Archive for the ‘trains’ Tag
Writing from Attleborough to Wymondham: #AcWriMo in train journeys
#AcWriMo is genius. Started by the wonderful PhD2Published as an academic variant of #NaNoWriMo, it’s a self-forming, mutually nurturing community of people desperate to write something and not quite getting pen to paper on their own. The key is accountability: you declare your writing goals for the month of November by signing up to a spreadsheet, tweet your progress (or lack thereof), and maybe occasionally blog about how you’re doing.
Others in the same writing boat share tips on getting started and keeping going (my favourite this morning: “Press the bridge of your nose to stay awake” [?!]), pass on useful websites and apps, and tweet encouragement and sympathy as needed. Like this:
@LibGoddess For me, freewriting about why I feel my writing isn’t going well tends to help, but I am someone who thinks by writing #acwrimo
— Ellen Spaeth (@ellenspaeth) November 3, 2014
In between the moments of anguish caused by trying to actually write instead of talking to students about how to write, one of the aspects of #AcWriMo that fascinates me is how people declare their goals.

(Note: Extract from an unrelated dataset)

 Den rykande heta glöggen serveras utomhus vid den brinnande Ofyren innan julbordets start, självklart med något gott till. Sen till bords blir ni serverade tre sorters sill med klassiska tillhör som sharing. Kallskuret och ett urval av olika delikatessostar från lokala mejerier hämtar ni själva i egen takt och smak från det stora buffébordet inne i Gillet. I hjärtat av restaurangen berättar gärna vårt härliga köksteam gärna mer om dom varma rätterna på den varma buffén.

Looking at the spreadsheet, there’s a huge amount of Pomodoro going on, along with other variations of time-based measurement. Another popular option is setting a word count. I’ve suggested both of these approaches to students as part of my former class on Academic Reading and Writing, and used to love when students, initially sceptical, would come back with the light of the true convert in their eyes to tell me that one of these strategies worked, just really worked, and was now part of their writing habit. It’s such joy when you witness something crystallising for students like that: you can see their confidence in their ability to actually write this damn thesis take a huge bound forward, along with their word count. Because although both these strategies may sound like productivity gimmicks, what they do – as ThesisWhisperer points out – is give you room to explore who and how you are as a writer without being stifled by the anxiety of perfectionism.

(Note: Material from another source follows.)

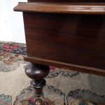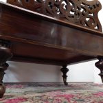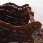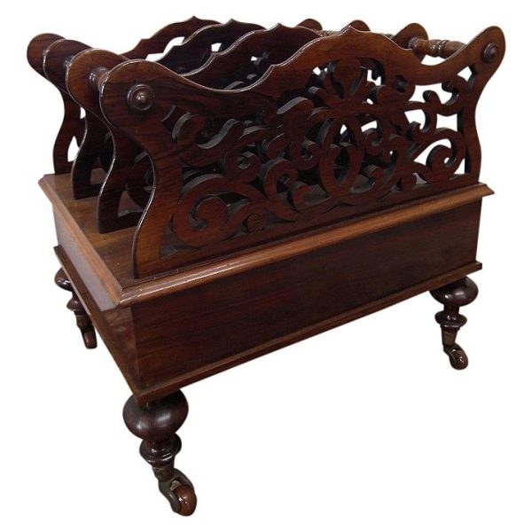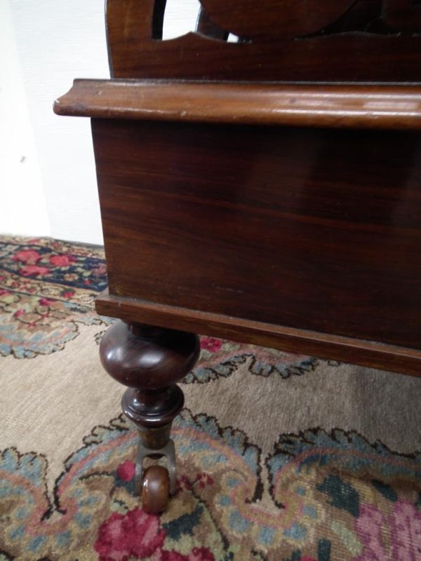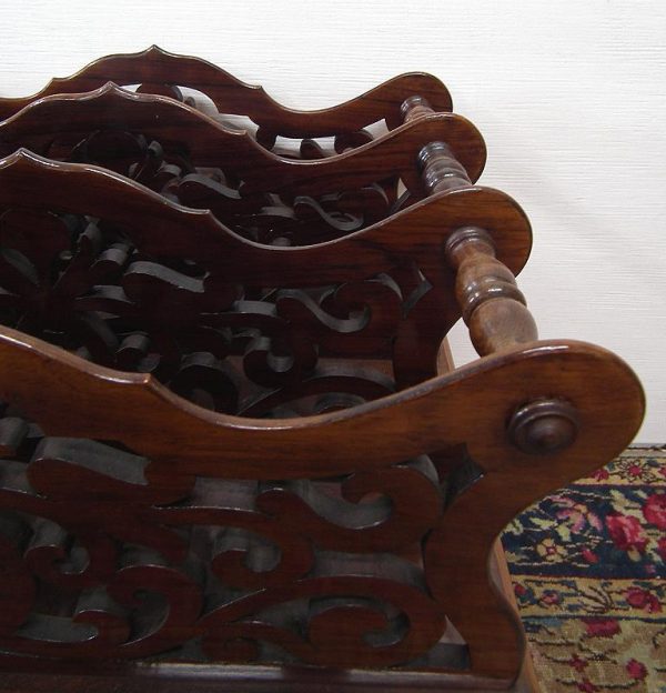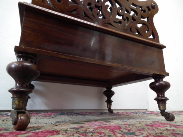 Circa 1860, mid Victorian rosewood three division Canterbury. The shaped top with open pierced fretwork divisions with nice turned rosewood bobbins, below is one large drawer, standing on four bulbous feet finishing on brass tipped castors with porcelain wheels. Excellent condition.

However, obstinate “do it my way” mule that I am, I seem to have decided on a different way to set and measure my writing goals, one that’s neither time- nor length-based. It’s … erm … spatial. Because I have a long train journey every morning, I figured that would be the best time to work: an hour and a half of time already set aside for me by the grace of Greater Anglia, and a surprisingly comfortable workspace (because I start my journey at the terminal station for that route, I’m one of those annoying people who’s already occupying a table seat when you get on further down the line). But when I record what I’ve done, I don’t write the length of time spent. I write the station intervals. Like this:
03 Nov CBG-THF [Cambridge to Thetford]. Slow and sticky.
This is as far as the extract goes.